To by-pass this problem, however, what one can do is to propose different variances in a burn-in period for each parameter and aim at a certain acceptance rates which can satisfy your needs (say $0.44$, see Gelman, Roberts & Gilks, 1995 and Gelman, Gilks & Roberts, 1997 to learn more on the issue of selecting a "good" acceptance rate which, of course, will depende on the form of you posterior distribution). Of course, in this case the chain is non-markovian, so you DON'T have to use them for inference: you just use them to adjust the variance.
The bibliography states that if q is a symmetric distribution the ratio q(x|y)/q(y|x) becomes 1 and the algorithm is called Metropolis. Is that correct?
Yes, this is correct. The Metropolis algorithm is a special case of the MH algorithm.
What about "Random Walk" Metropolis(-Hastings)? How does it differ from the other two?

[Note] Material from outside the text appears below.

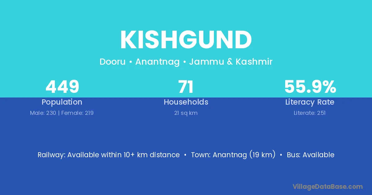 Anantnag (19 km) is the nearest town to Kishgund village for major economic activities and is located approximately 19 km away.

In a random walk, the proposal distribution is re-centered after each step at the value last generated by the chain. Generally, in a random walk the proposal distribution is gaussian, in which case this random walk satisfies the symmetry requirement and the algorithm is metropolis. I suppose you could perform a "pseudo" random walk with an asymmetric distribution which would cause the proposals too drift in the opposite direction of the skew (a left skewed distribution would favor proposals toward the right). I'm not sure why you would do this, but you could and it would be a metropolis hastings algorithm (i.e. require the additional ratio term).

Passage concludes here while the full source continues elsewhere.